Revista do Esporte nº 215 (20/04/1963)

LORICO, Da Silva e Saulzinho foram, no campeonato de 62, valores dos mais positivos do ataque do Vasco. Especialmente Lorico, que está em forma excepcional. O técnico cruzmaltino, Jorge Vieira, conta com eles para dar grandes alegrias a torcida no certamente deste ano (Foto feita por Jurandir Costa, exclusiva para a RE).

Revista do Esporte nº 204 (02/02/1963)

De uma só vez homenageamos nesta edição duas grandes torcidas, a do Flamengo e a do Vasco. Além de figurarem na capa, Jordan e Saulzinho, aparecem neste número em atraentes reportagens, fazendo revelações do maior interesse para os torcedores.
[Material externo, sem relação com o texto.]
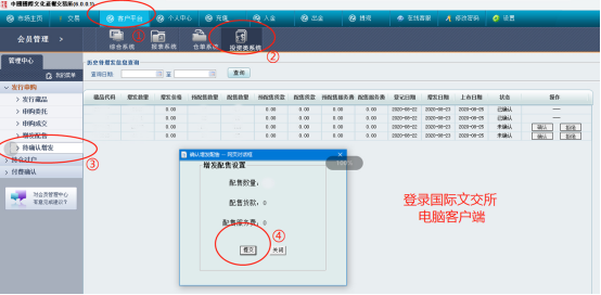 電腦客戶端操作確認方式:登錄電腦客戶端→客戶平臺→投資類系統→待確認增發,對“配送藏品、數量”進行確認操作。
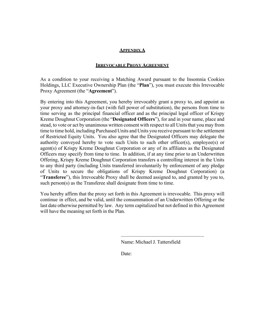 APPENDIX A IRREVOCABLE PROXY AGREEMENT As a condition to your receiving a Matching Award pursuant to the Insomnia Cookies Holdings, LLC Executive Ownership Plan (the “Plan”), you must execute this Irrevocable Proxy Agreement (the “Agreement”). By entering into this Agreement, you hereby irrevocably grant a proxy to, and appoint as your proxy and attorney-in-fact (with full power of substitution), the persons from time to time serving as the principal financial officer and as the principal legal officer of Krispy Kreme Doughnut Corporation (the “Designated Officers”), for and in your name, place and stead, to vote or act by unanimous written consent with respect to all Units that you may from time to time hold, including Purchased Units and Units you receive pursuant to the settlement of Restricted Equity Units. You also agree that the Designated Officers may delegate the authority conveyed hereby to vote such Units to such other officer(s), employee(s) or agent(s) of Krispy Kreme Doughnut Corporation or any of its affiliates as the Designated Officers may specify from time to time. In addition, if at any time prior to an Underwritten Offering, Krispy Kreme Doughnut Corporation transfers a controlling interest in the Units to any third party (including Units transferred involuntarily by enforcement of any pledge of Units to secure the obligations of Krispy Kreme Doughnut Corporation) (a “Transferee”), this Irrevocable Proxy shall be deemed assigned to, and granted by you to, such person(s) as the Transferee shall designate from time to time. You hereby affirm that the proxy set forth in this Agreement is irrevocable. This proxy will continue in effect, and be valid, until the consummation of an Underwritten Offering or the last date otherwise permitted by law. Any term capitalized but not defined in this Agreement will have the meaning set forth in the Plan. Name: Michael J. Tattersfield Date:

Se é que ainda não leram, vejam o que Jordan diz de Garrincha e quais foram os maiores gols de Sauzinho (Fotos de Jurandir Costa).

Revista do Esporte nº 285

SAULZINHO teve uma fase de ouro, quando chegou ao Rio egresso do futebol gaúcho (Bagé). Chegou mesmo a ser artilheiro do campeonato carioca. Depois, seguidas contusões afastaram Saulzinho do time titular Agora, neste certame de 1964, o craque sulino voltou ao quadro titular, disposto a reconquistar a posição (Foto feita por Jurandir Costa).

A carreira de Saulzinho

Saul Santos foi um futebolista que nasceu em Bagé-RS (31 de outubro de 1937) e faleceu em Florianópolis (25 de julho de 2023). De família humilde, começou a jogar futebol muito cedo e logo ingressou no time do Grêmio Esportivo Bagé, que havia feito com ele um contrato “de gaveta”. Mas, após uma complicada reviravolta, que lhe custou um ano sem atuar, acabou defendendo as cores do arquirrival Guarany.
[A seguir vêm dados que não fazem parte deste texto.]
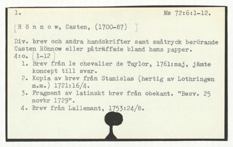 Div. brev och andra handskrifter samt småtryck berörande Casten Rönnow eller påträffade bland hans papper.
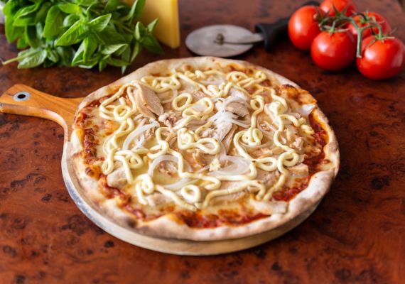 Chicken breast fillet, fresh onions, mozzarella, and Brazilian catupiry cheese
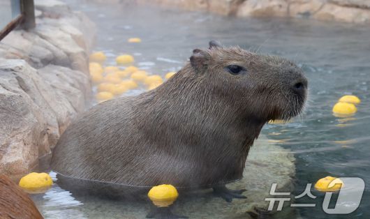 (용인=뉴스1) 김영운 기자 = 15일 경기 용인시 처인구 에버랜드에서 카피바라들이 김이 모락모락 피어오르는 온천에 몸을 담근 채 따뜻하게 온천욕을 즐기며 겨울을 나고 있다. 2026.1.15/뉴스1
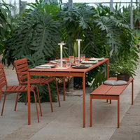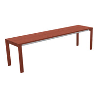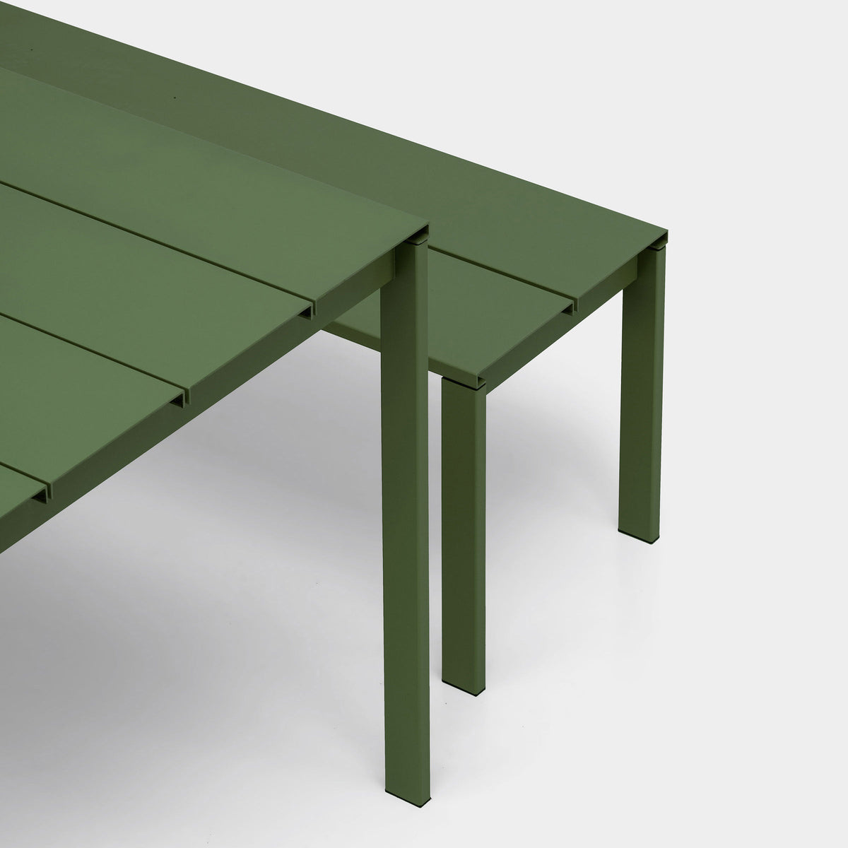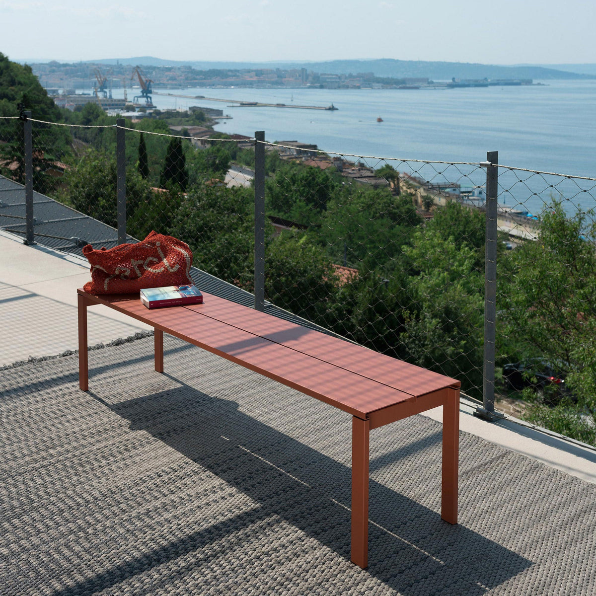 A complete collection of tables, benches and small tables for outdoor use, including a bar table or bar counter, in a simple versatile design, with crosspieces made of anodised aluminium. It has zinc-coated steel or powder-coated steel legs, also available in customised heights. The slatted top is available in teak, aluminium and new Argilla finish.

Disputou sua primeira partida profissional em 1954, contra o Nacional, de Porto Alegre, fazendo um gol de bicicleta. Artilheiro nato, acabou se destacando no campeonato gaúcho.

Em 1961, foi para o Rio de Janeiro, para atuar no Vasco da Gama, tendo a difícil missão de substituir o consagrado craque cruzmaltino Vavá. E acabou dando certo.
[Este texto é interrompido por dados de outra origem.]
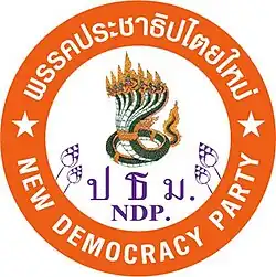 The New Democracy Party (NDP; Thai: พรรคประชาธิปไตยใหม่, Phak Prachathipataimai) is a political party in Thailand founded on 21 April 2011. Suratin Pichan is Leader and Nipon Chuenta is Deputy Leader and Jumrus Kraiyasit is Secretary-General.[4][5][6]
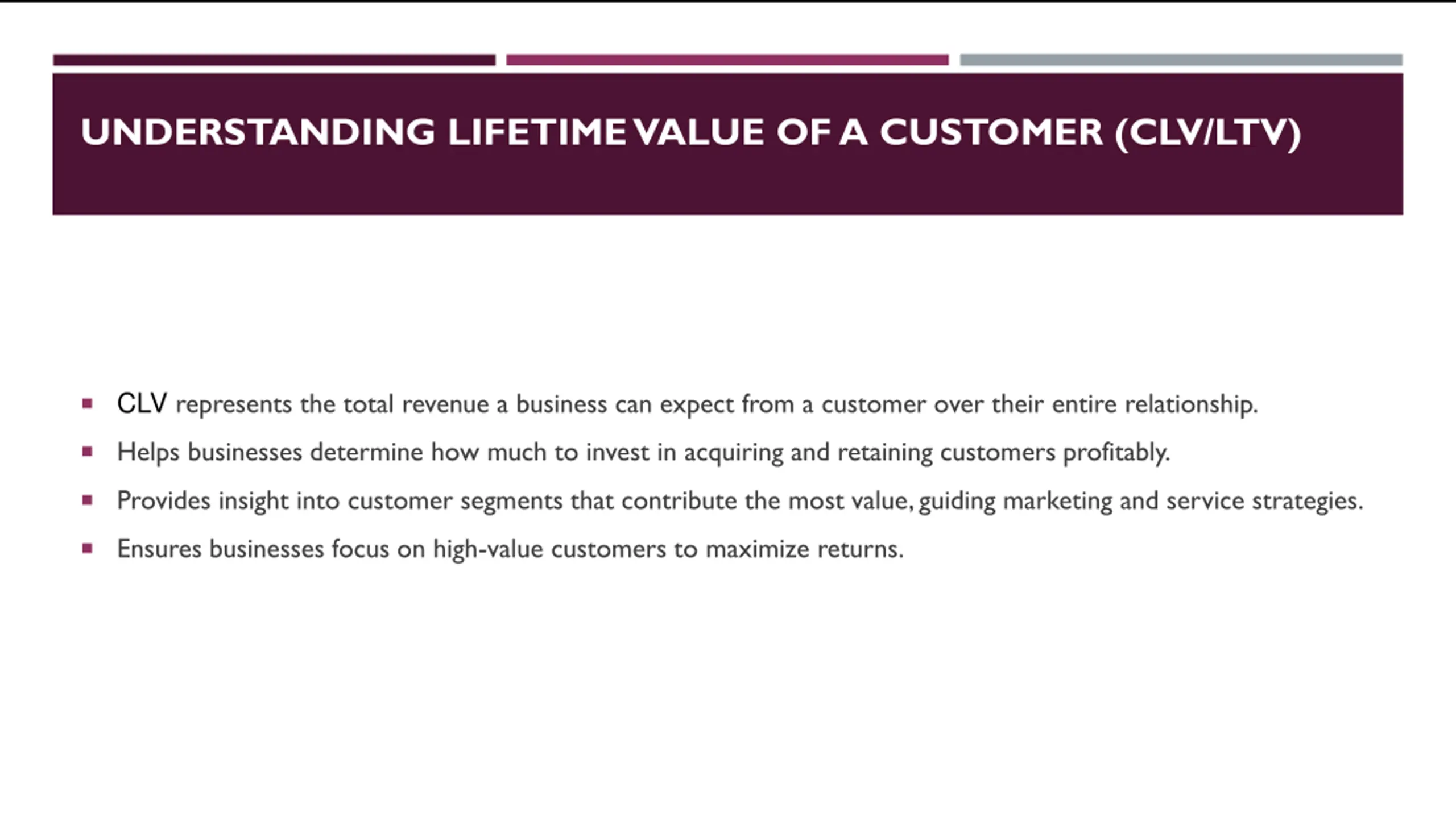 UNDERSTANDING LIFETIME VALUE OF A CUSTOMER (CLV/LTV) CLV represents the total revenue a business can expect from a customer over their entire relationship. Helps businesses determine how much to invest in acquiring and retaining customers profitably. Provides insight into customer segments that contribute the most value, guiding marketing and service strategies. Ensures businesses focus on high-value customers to maximize returns.

Em 1962, o craque sulista foi artilheiro do campeonato carioca, com 18 gols em 19 jogos. Nessa época, formou ataque com Lorico e Da Silva. Diversas contusões acabaram prejudicando sua carreira no futebol carioca, mas Saulzinho, sob conviver com os problemas e sempre dar a volta por cima.

Saulzinho gostava de lembrar que na década de 60, o Vasco fazia diversas excursões pelo mundo, o que o levou a conhecer quase toda Europa, a África e América. Deixou o Vasco em 1965, voltando para Bagé e encerrando sua carreira no Guarany.

Os registros e súmulas mostram que, como profissional, Saulzinho marcou 101 gols pelo Guarany de Bagé e outros 89 gols pelo Vasco da Gama, num total de 190 gols.

Segundo Saulzinho, jogar futebol na década de 1960 era muito complicado. “Os zagueiros eram mais violentos, a chuteira e a bola não eram tão boas quanto as de hoje e os campos eram muito esburacados”. Mesmo assim, o artilheiro lembrava da galeria de craques de seu time e dos adversários. “Tínhamos que enfrentar o Botafogo de Garrincha, o Flamengo de Jordan, o Fluminense de Castilho e Pinheiro ou o Santos de Pelé. Não tinha moleza nos anos 60.”

Morte

Saulzinho morreu no dia 25 de Julho de 2023, em Florianópolis, Santa Catarina, de uma parada cardiorrespiratória. Ele já havia sofrido um Acidente Vascular Cerebral (AVC) em março de 2017, mas se recuperou plenamente. Dois anos mais tarde, foi constatado que ele sofria de Mal de Alzheimer.